Kaggle competition link
In this competition, participants are challenged to develop algorithms for identifying individual whales in images. The task involves analyzing Happywhale’s database, which contains over 25,000 images collected from research institutions and public contributors. Contributions to this effort aim to enhance understanding of marine mammal population dynamics globally.
Submissions are evaluated according to the Mean Average Precision @ 5 (MAP@5).
The dataset presents several challenges:
-
Labeling: The dataset includes images with labels (whale IDs) for only 62% of the images. The remaining 38% are unlabeled, marked as "new_whale." This means 9,664 images have labels, while 25,361 are labeled as "new_whale."
-
Image Quality: The images are primarily grayscale, with some in color. The standard size is 1050 x 750 pixels.
-
Image Clarity: The dataset contains blurry images.
-
Single Image Whales: There are 2,073 whales that have only one image, accounting for 41% of the dataset.

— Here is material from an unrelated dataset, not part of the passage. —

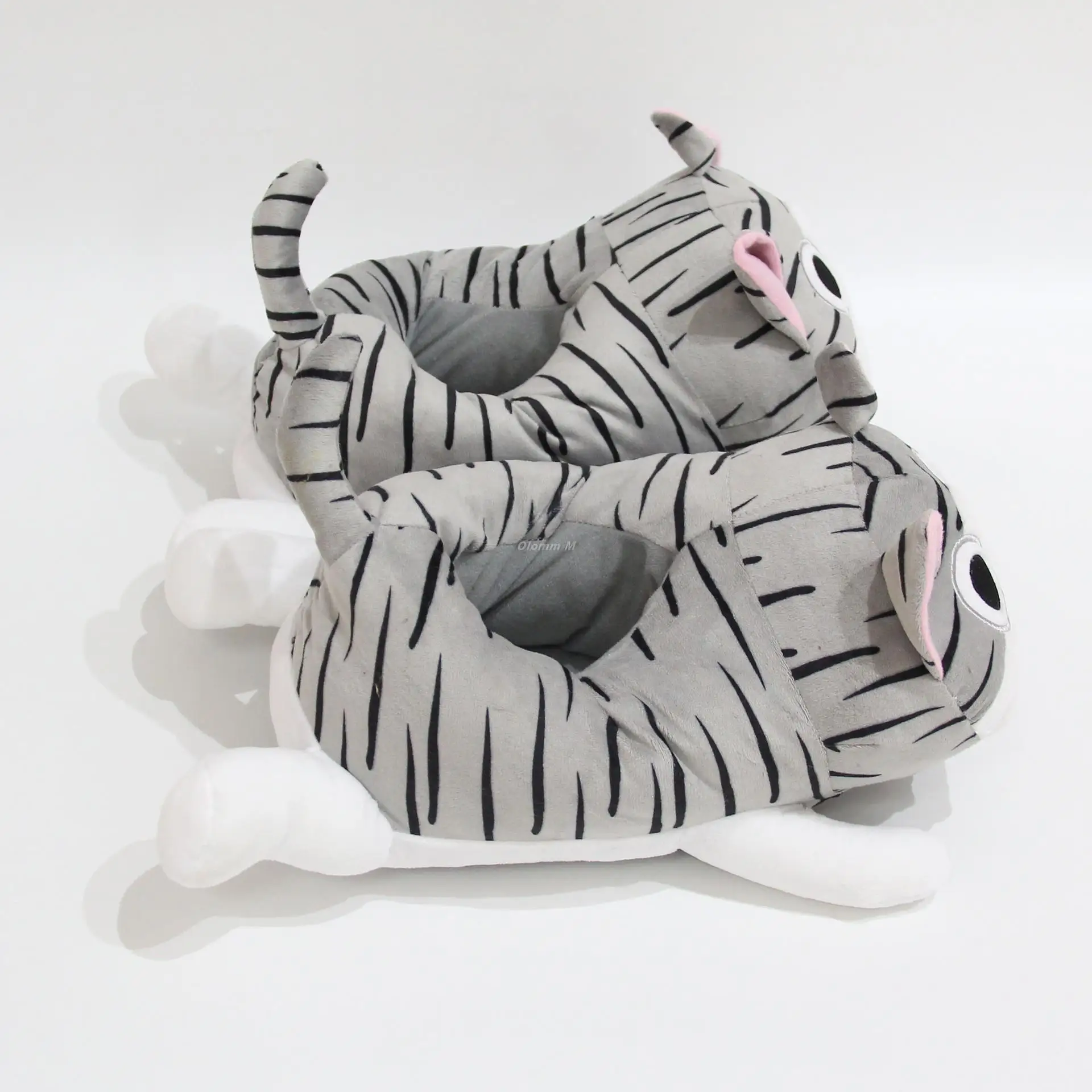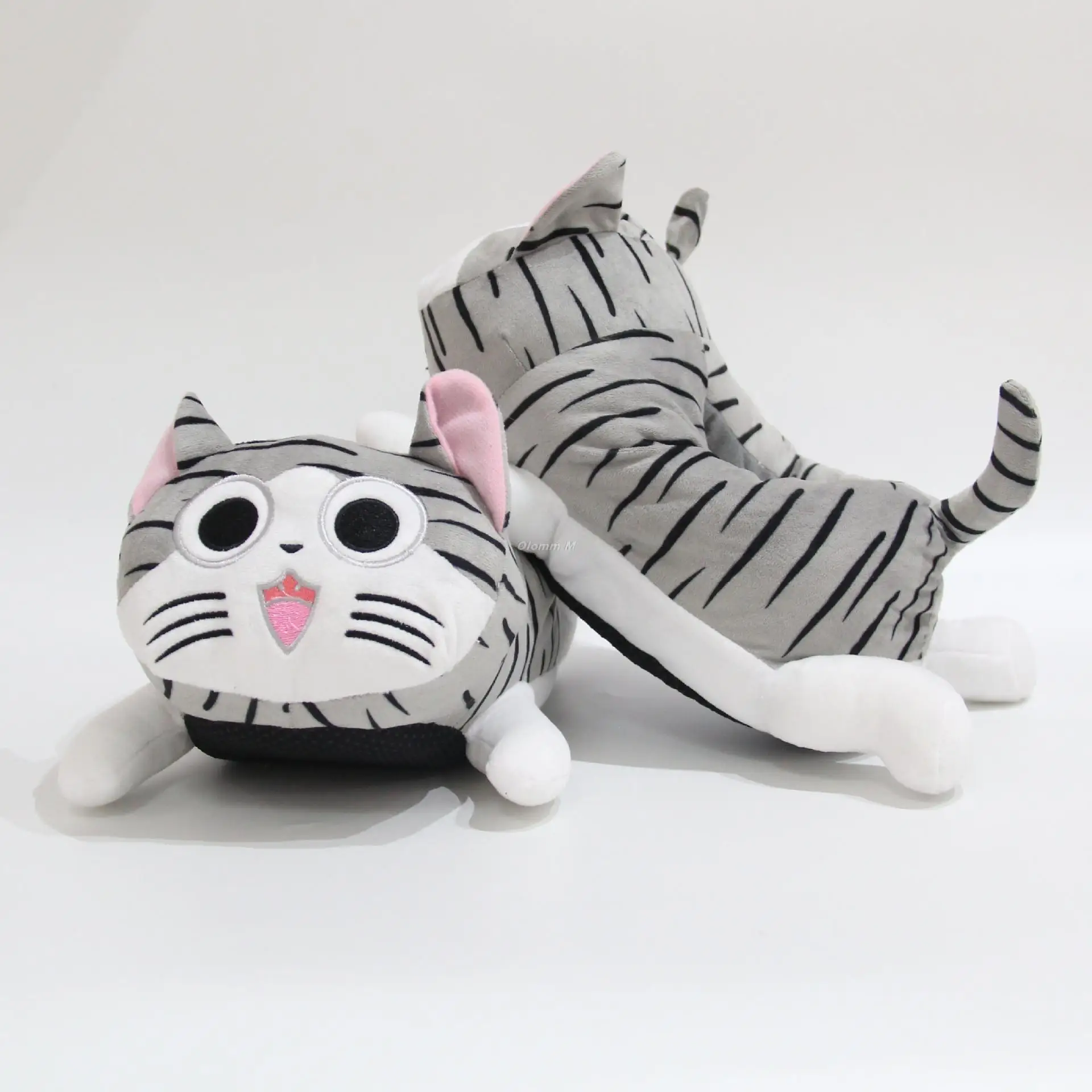 Ces chaussons chat gris tigré sont pensés pour envelopper tout le pied jusqu’à la cheville, avec une forme douce et arrondie qui garde bien la chaleur.

To increase the number of annotated images, I utilized the following approach:
- I leveraged a previous competition's dataset, which included almost identical images, to identify and classify known or new whale images based on similarity.
- Identification of very similar images was accomplished by creating a hash function for each image and checking the distance. The hash function employed was similar to industry standards for copyright violation prevention, with a similarity threshold of at least 90% and a Hamming distance smaller than six.
To focus on the whale's tail while minimizing background noise, I employed bounding boxes:
- Each image was converted to HSV, and saturation and grayscale were analyzed.
- In the tail region, two patterns were identified:
- A threshold was established in the image histograms, and regions below this threshold were marked.
- A union between two images was created, taking pixel coordinates from the union.
- For images with high saturation and low grayscale, a threshold was determined from the external background and combined with the grayscale from the lower threshold, creating another union for pixel coordinates.
Bounding boxes smaller than 10% of the image were considered failures.
The Bounding box creation process:

How the vounding boxes were sored:

Each image underwent three types of augmentations:
- Flipping the image left to right and adding Gaussian blur.
- Randomly shifting the image within a confined range (left/right and up/down).
- Combining the two augmentation techniques mentioned above.
The model used for this task is Inception ResNet V2. The architecture was enhanced by substituting the final layer with additional average pooling, dropout layers, and a fully connected layer. The model was built using Keras and validated on a dedicated dataset, with various hyperparameters tested. To further improve performance, Test Time Augmentation (TTA) techniques were employed.
- project.ipynb - Jupyter notebook containing all the code.
- Run_model.py - Script that contains the code from the notebook for easy execution.
- Submission.csv - The submission file of my model.
- Matlab folder - Contains bounding boxes created for test/train, along with the code and Excel files.
- project.pdf - Project description document.